(Records for processing Opens)

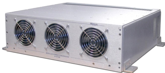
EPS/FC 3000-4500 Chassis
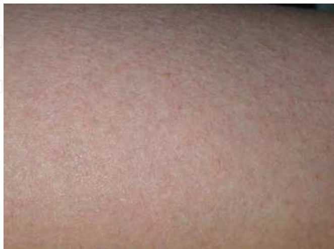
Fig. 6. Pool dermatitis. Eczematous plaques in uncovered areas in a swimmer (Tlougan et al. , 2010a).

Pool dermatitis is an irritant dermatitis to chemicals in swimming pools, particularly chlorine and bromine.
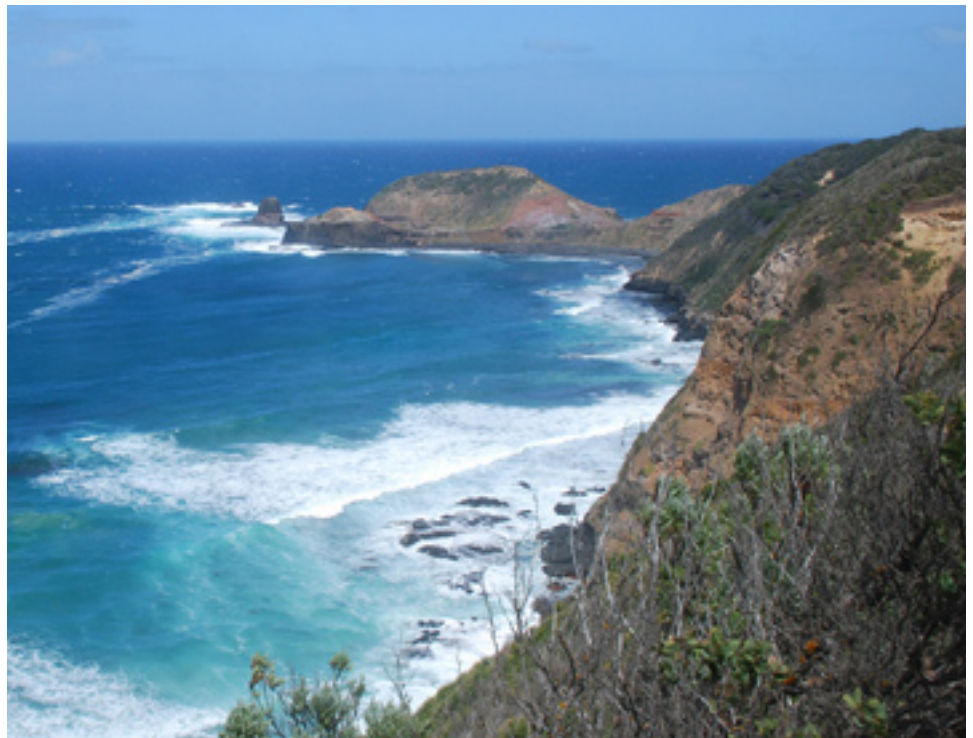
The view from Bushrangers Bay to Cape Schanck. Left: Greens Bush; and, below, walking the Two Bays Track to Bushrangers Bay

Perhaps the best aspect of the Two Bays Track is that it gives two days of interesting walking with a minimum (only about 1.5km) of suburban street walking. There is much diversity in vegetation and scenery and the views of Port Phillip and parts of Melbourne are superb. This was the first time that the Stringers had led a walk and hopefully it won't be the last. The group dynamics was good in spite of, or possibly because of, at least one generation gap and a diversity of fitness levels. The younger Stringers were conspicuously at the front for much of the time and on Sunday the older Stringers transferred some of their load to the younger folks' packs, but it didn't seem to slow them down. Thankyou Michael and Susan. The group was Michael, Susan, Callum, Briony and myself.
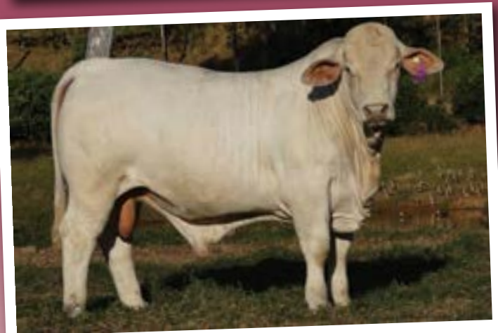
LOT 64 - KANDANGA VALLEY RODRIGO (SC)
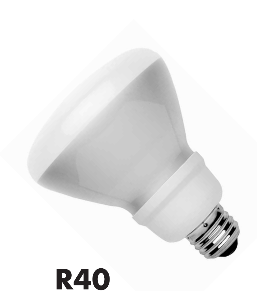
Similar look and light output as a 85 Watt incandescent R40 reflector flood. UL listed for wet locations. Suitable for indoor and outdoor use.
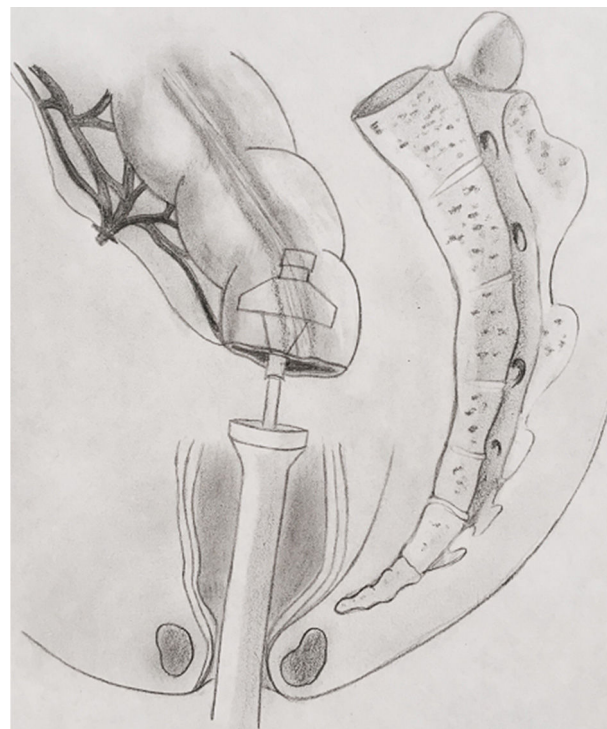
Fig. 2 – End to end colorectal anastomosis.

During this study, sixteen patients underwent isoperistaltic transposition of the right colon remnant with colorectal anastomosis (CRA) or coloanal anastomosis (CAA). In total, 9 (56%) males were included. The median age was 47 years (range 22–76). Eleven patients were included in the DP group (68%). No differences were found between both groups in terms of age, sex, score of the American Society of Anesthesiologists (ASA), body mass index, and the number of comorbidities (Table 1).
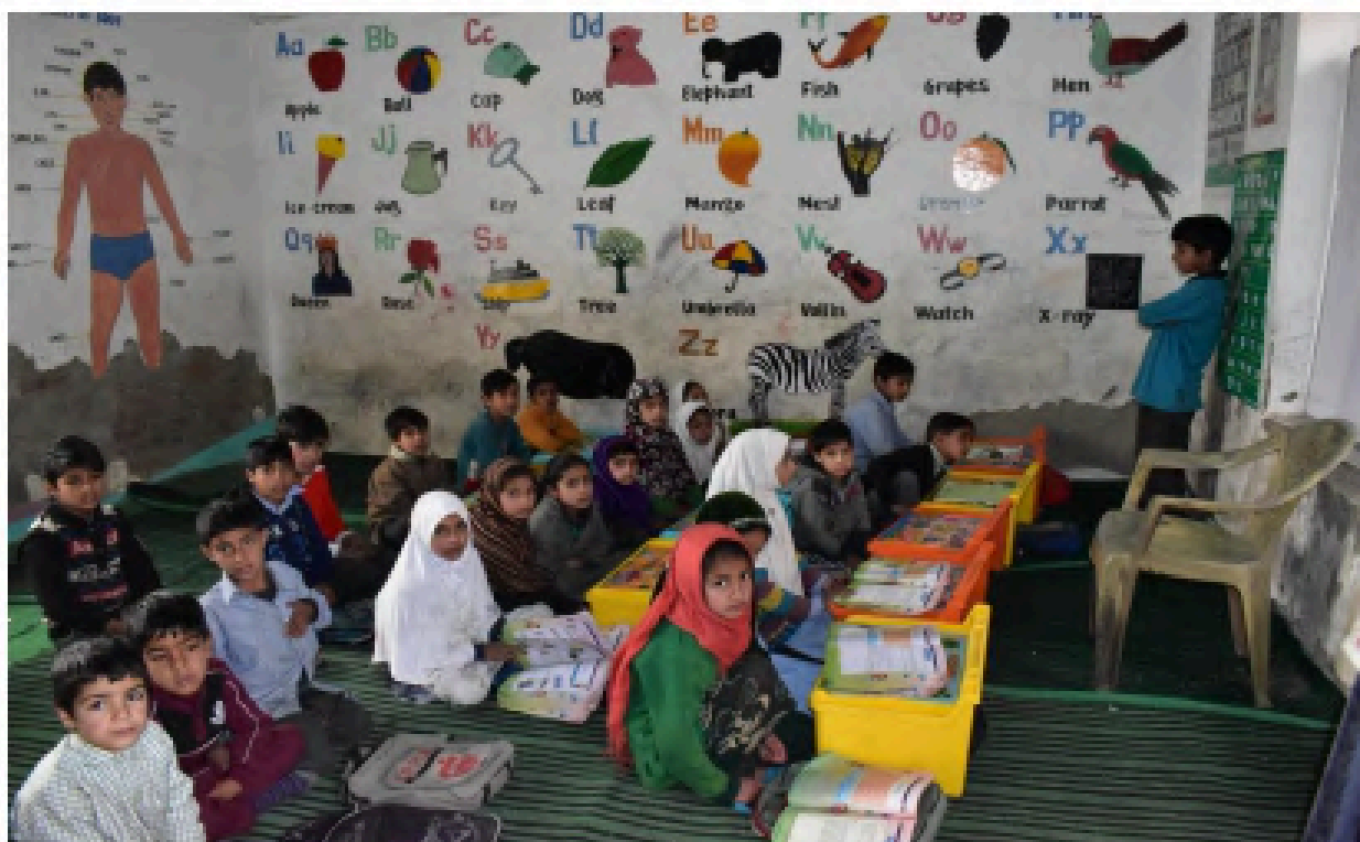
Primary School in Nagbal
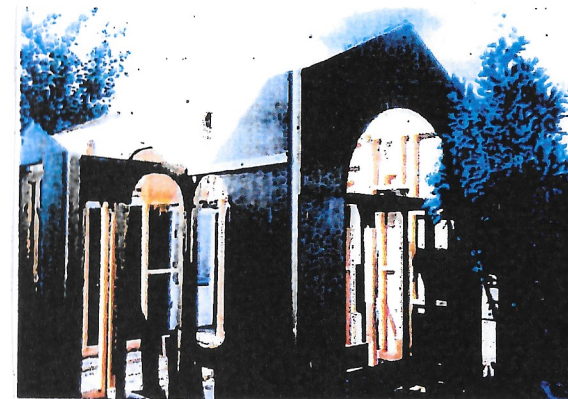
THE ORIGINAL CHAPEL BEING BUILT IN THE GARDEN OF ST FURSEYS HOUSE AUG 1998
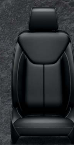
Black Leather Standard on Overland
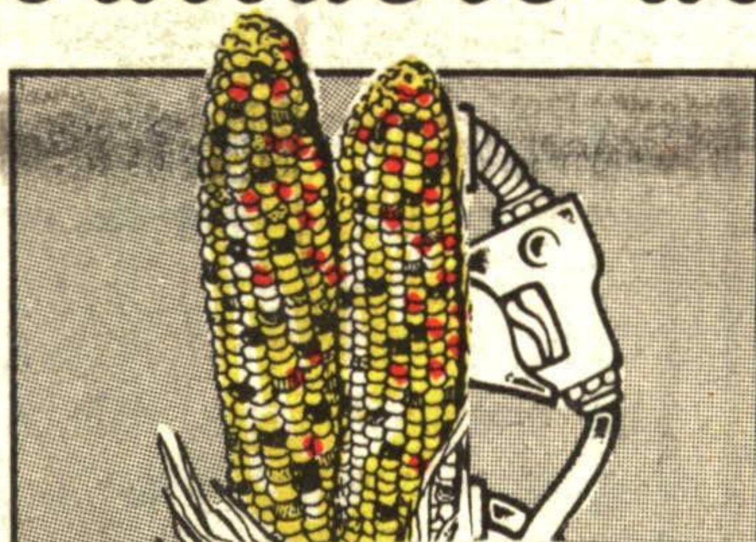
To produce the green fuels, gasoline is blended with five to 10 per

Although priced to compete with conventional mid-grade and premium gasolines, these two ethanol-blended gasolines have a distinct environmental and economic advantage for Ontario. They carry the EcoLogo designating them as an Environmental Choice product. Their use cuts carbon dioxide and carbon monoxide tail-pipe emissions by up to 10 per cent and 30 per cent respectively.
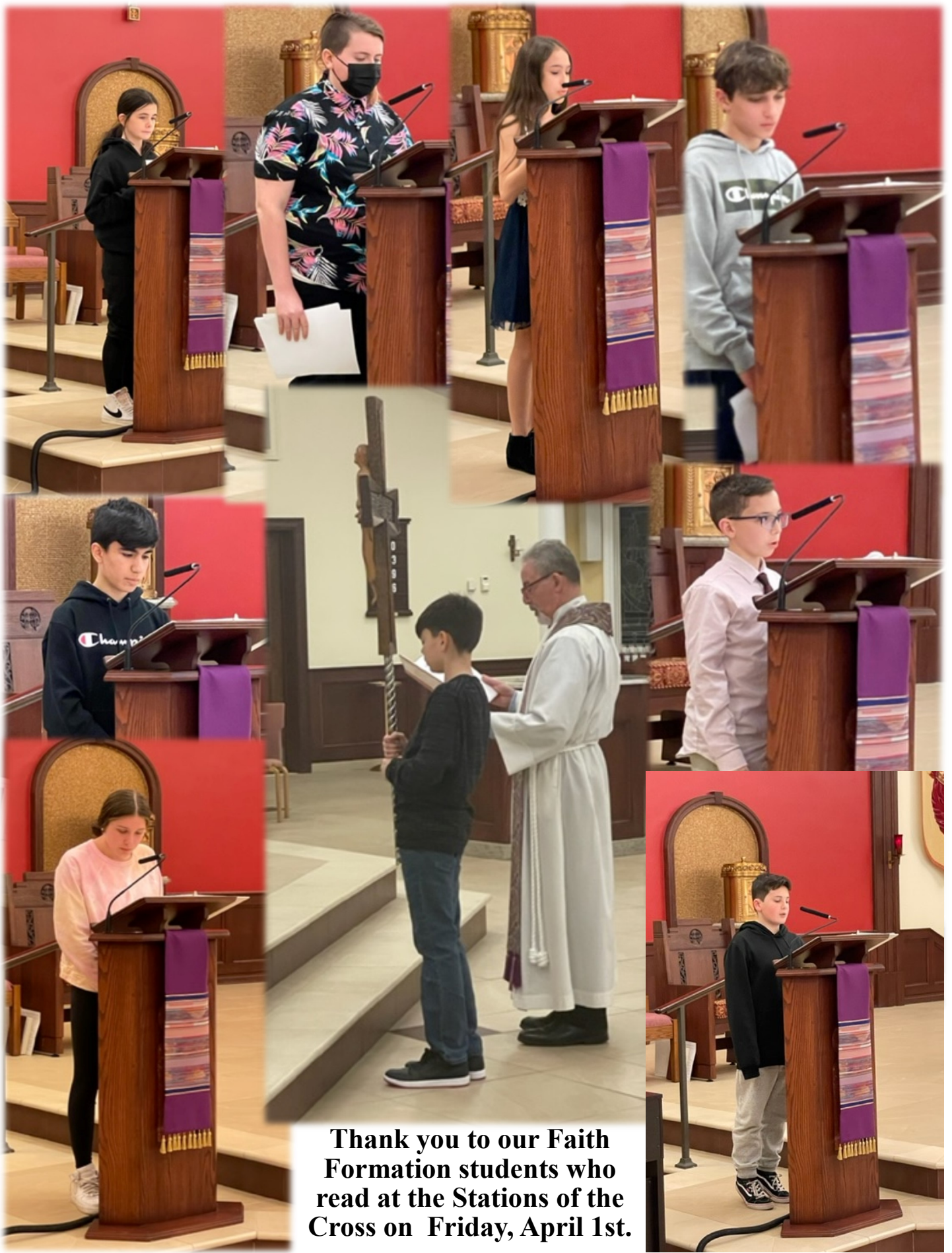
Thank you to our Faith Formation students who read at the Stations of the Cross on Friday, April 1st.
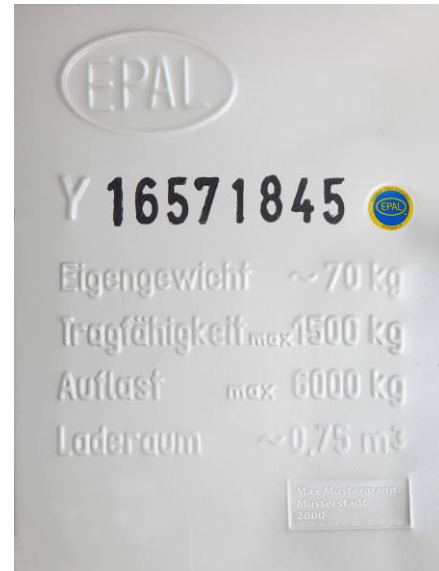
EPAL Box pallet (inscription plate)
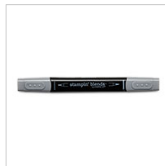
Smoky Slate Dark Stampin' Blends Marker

(Records for processing Closes)

* [Prompt]:
Once the line holding "Although priced to" is found, set it down along with every line after it through the end of the entries, exactly, leaving the pictures out.

* [Solution]:
Although priced to compete with conventional mid-grade and premium gasolines, these two ethanol-blended gasolines have a distinct environmental and economic advantage for Ontario. They carry the EcoLogo designating them as an Environmental Choice product. Their use cuts carbon dioxide and carbon monoxide tail-pipe emissions by up to 10 per cent and 30 per cent respectively.
Thank you to our Faith Formation students who read at the Stations of the Cross on Friday, April 1st.
EPAL Box pallet (inscription plate)
Smoky Slate Dark Stampin' Blends Marker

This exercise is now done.